Data segment:
^^^^

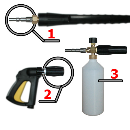Если у Вас мойка профессиональной серии, к примеру, Karcher, Портотехника, Вап, Lavor, Альто, Нилфиск, Huter, Бош или Kranzle, но нет быстросъёмной замены насадок (пенорспылителя на копьё) потребуется его купить.
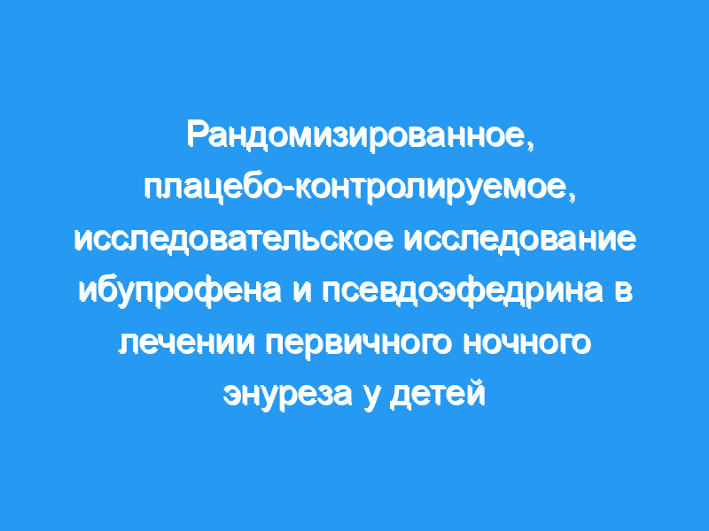 Это исследовательское рандомизированное двойное слепое плацебо-контролируемое исследование продолжительностью 14 дней, проведенное в 22 учреждениях первичной медико-санитарной помощи в Соединенных Штатах, было использовано для сравнения эффективности ибупрофена и псевдоэфедрина, вводимых отдельно или в комбинации, с плацебо для лечения первичного ночного энуреза (ПНЕ) у детей в возрасте от 6 до 11 лет.
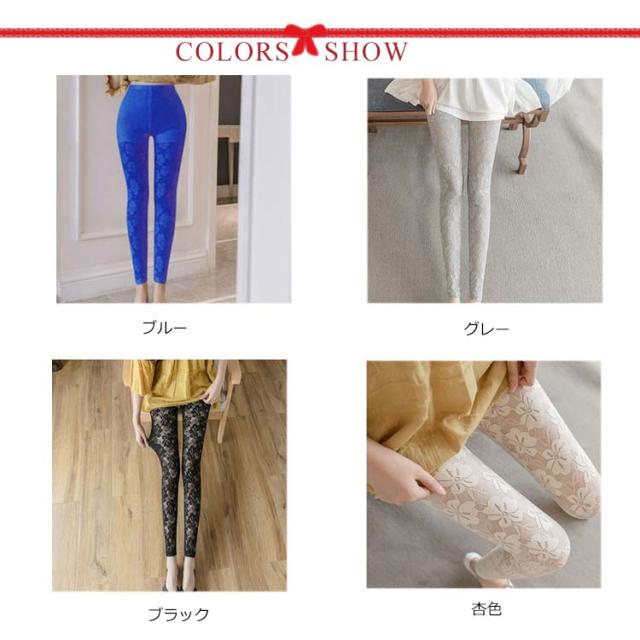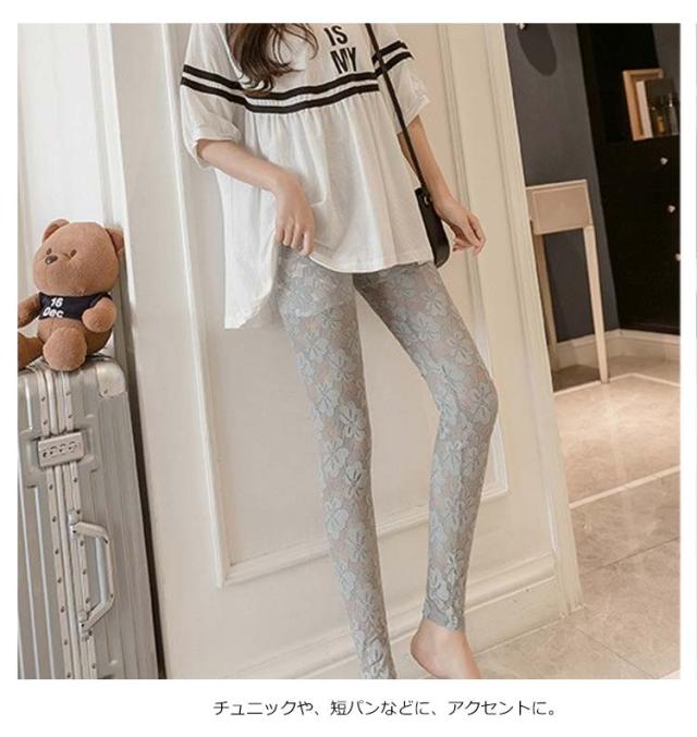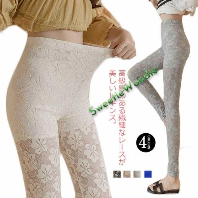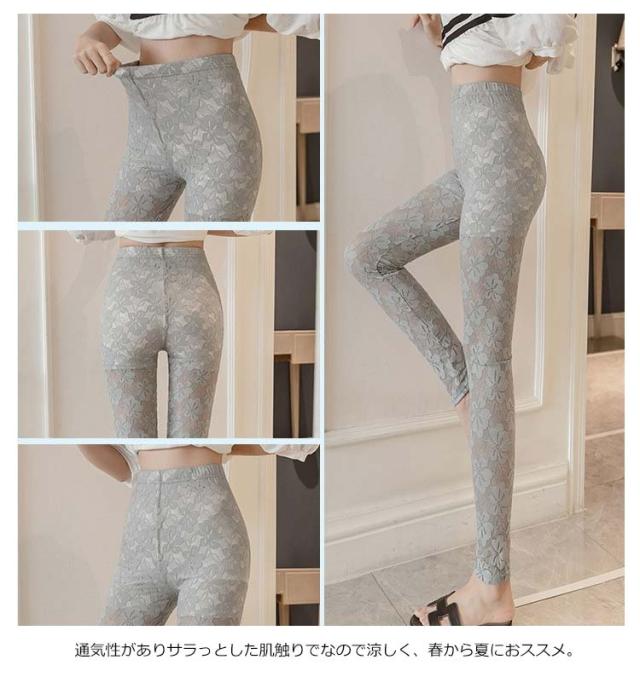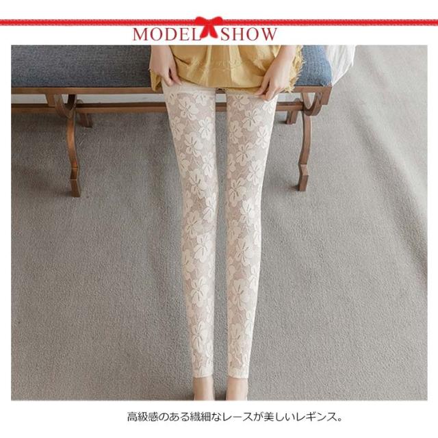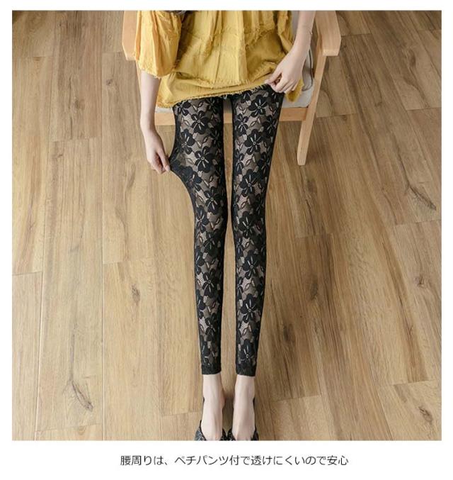 | 高級感のある繊細なレースが美しいレギンス。 控え目な光沢感が上品な雰囲気を醸し出す。 透け感のある花柄レースで、可愛くセクシーに。 通気性がありサラっとした肌触りでなので涼しく、春から夏におススメ。 ストレッチ性抜群で動きやすく、美脚効果もアップ。 チュニックや、短パンなどに、アクセントに。 腰周りは、ペチパンツ付で透けにくいので安心 | |

^^^^

Directions for this task: Find the line containing "Это исследовательское рандомизированное" in the listing above. Restate it and every line after it, word for word, through the final line, leaving out the pictures.

Solution:
 Это исследовательское рандомизированное двойное слепое плацебо-контролируемое исследование продолжительностью 14 дней, проведенное в 22 учреждениях первичной медико-санитарной помощи в Соединенных Штатах, было использовано для сравнения эффективности ибупрофена и псевдоэфедрина, вводимых отдельно или в комбинации, с плацебо для лечения первичного ночного энуреза (ПНЕ) у детей в возрасте от 6 до 11 лет.
 | 高級感のある繊細なレースが美しいレギンス。 控え目な光沢感が上品な雰囲気を醸し出す。 透け感のある花柄レースで、可愛くセクシーに。 通気性がありサラっとした肌触りでなので涼しく、春から夏におススメ。 ストレッチ性抜群で動きやすく、美脚効果もアップ。 チュニックや、短パンなどに、アクセントに。 腰周りは、ペチパンツ付で透けにくいので安心 | |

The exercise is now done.